How to complete this task>
Pictures excluded, reproduce exactly the lines below from the one with "EcoCard #1422 Arrecifes" through the one with "10) 하단에 서명권자의", both included.

Material for the task>
--- START ---

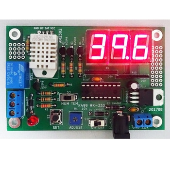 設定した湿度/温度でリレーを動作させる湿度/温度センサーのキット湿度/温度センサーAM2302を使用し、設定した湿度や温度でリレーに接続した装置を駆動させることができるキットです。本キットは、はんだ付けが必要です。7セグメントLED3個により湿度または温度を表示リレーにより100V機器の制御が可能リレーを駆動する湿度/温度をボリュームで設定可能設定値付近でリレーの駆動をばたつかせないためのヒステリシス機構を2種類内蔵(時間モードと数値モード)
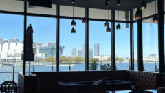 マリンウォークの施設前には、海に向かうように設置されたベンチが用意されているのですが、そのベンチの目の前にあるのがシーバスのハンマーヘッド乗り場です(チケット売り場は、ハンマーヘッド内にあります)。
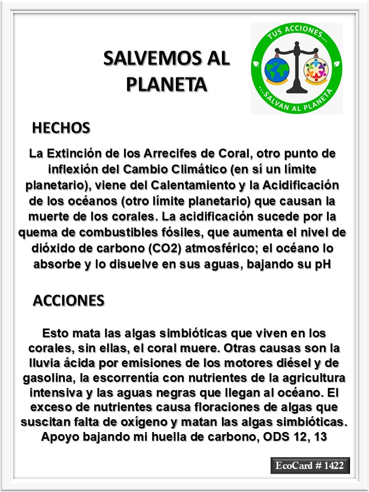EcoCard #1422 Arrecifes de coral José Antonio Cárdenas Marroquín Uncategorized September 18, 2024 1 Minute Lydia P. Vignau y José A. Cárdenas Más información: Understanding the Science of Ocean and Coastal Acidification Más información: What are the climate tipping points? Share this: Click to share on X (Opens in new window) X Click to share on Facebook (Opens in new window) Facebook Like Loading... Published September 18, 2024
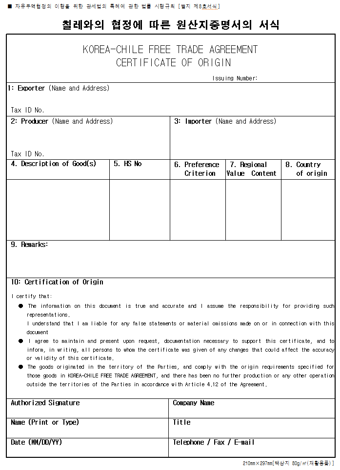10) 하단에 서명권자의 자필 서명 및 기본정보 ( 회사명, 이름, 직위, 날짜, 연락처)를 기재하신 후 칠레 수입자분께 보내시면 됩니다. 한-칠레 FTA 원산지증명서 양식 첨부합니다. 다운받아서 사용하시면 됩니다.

--- END ---
--- START ---

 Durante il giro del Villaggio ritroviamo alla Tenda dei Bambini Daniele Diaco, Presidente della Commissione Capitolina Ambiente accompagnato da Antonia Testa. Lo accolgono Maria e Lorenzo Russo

--- END ---
--- START ---

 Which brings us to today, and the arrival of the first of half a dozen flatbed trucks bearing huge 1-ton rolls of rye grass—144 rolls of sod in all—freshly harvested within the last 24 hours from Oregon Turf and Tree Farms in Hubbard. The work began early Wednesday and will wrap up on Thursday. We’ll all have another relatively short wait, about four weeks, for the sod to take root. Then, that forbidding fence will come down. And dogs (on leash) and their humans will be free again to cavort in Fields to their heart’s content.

--- END ---

Solution>
EcoCard #1422 Arrecifes de coral José Antonio Cárdenas Marroquín Uncategorized September 18, 2024 1 Minute Lydia P. Vignau y José A. Cárdenas Más información: Understanding the Science of Ocean and Coastal Acidification Más información: What are the climate tipping points? Share this: Click to share on X (Opens in new window) X Click to share on Facebook (Opens in new window) Facebook Like Loading... Published September 18, 2024
10) 하단에 서명권자의 자필 서명 및 기본정보 ( 회사명, 이름, 직위, 날짜, 연락처)를 기재하신 후 칠레 수입자분께 보내시면 됩니다. 한-칠레 FTA 원산지증명서 양식 첨부합니다. 다운받아서 사용하시면 됩니다.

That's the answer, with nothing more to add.